In any case, the carnage in the metals has come about because: (1) There is still too much confidence in the Fed, (2) tough-Fed fears have precipitated selling, (3) that selling has "fed" on itself (both in metals and in stocks generically), and (4) the liquidation is now taking on a life of its own.

I'm not sure where the metals will settle out. But if the level of angst in my email is any indication (which it often is), I think they are probably close in time to wherever they're going -- though who knows how far prices can move, once dislocation sets in, as it has. I still plan on beefing up my positions (probably very soon), as I believe that the Fed is a joke (though it's obviously clear that most people have not come to that conclusion yet).

See Dick, See Jane, See Ben Raise Rates
While on the subject of the Fed, I spoke to a friend who is very "plugged in." He said that the Fed is going to take rates up one more time, in an effort to stop folks from questioning its credibility. His view: The Fed knows the economy is slowing down. It's really dying to pause. But since so many have essentially laughed at it, the Fed feels as though it has to do something to make sure it's still perceived as being in charge. If the data cooperate, the Fed will definitely make clear (when it gives us the next 25 basis points) that it's done for now.
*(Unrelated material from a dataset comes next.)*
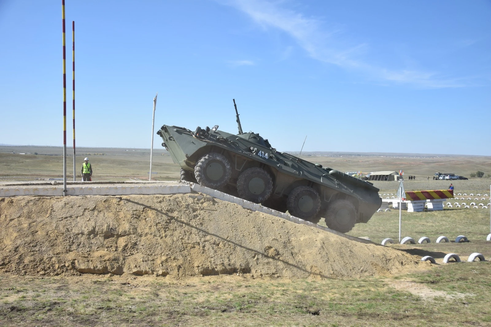 Содан кейін кедергілер жолағына БТР экипаждары шықты. Бұл жарыстардың ерекшелігі – экипаждар бір-бірімен үнемі жұмыс істемейді. Олардың құрамында келісімшарт бойынша әскери қызметшілер де, арнайы дайындықтан өткен және осындай күрделі техникаға жіберілген мерзімді сарбаздар да бар. Экипаждар БТР-ге қарсы қолданылатын арық, «жылан», көтерме көпір, миналанған өткел, габаритті аула, габаритті «сегіздік», тік көтерілу және түсу, теміржол өткелі, аппарель, косогор сияқты кедергілерді еңсерді.

Will my friend be right? He's had a pretty accurate read on the Fed in the past, and that's sort of his area of expertise. (I can't go into details as to why.) In any case, at some point, the tough-Fed trade will have been completely discounted by all these markets, and then they will rally. Stocks will just be rallying in a bear market. But the metals' rally will be a continuation of the bull market that they have been in (although it's sometimes hard to keep that in perspective when the action gets as ugly as it is currently).

Remember: The reason to own metals in the first place is because the Fed is not in charge. At some point, when the world understands that, it will cause an acceleration of the bear market in the dollar, and will be the source of additional problems for the stock market. Metals, among other things, are an insurance against that outcome.

I suspect these comments are correct. The fed will raise rates once more, which will be the last. The economy is heading into recession as housing and the consumer wind down.

Further, I think the market will recognize the next rate increase as the last and we will get a bounce in the equities market. Accordingly, I suggest covering two of our bearish positions. Sell the long position in the Rydex Inverse Small Cap Inverse fund (RYSHX, 42.29). Cover the short position in the S&P Depository Receipts (SPY, 123.18).

Any bounce in equities is expected to be short-lived. We are in a bear market that will take prices much lower. The market has only begun to recognize that a significant recession is probable. We continue to prefer cash to any other investment for now.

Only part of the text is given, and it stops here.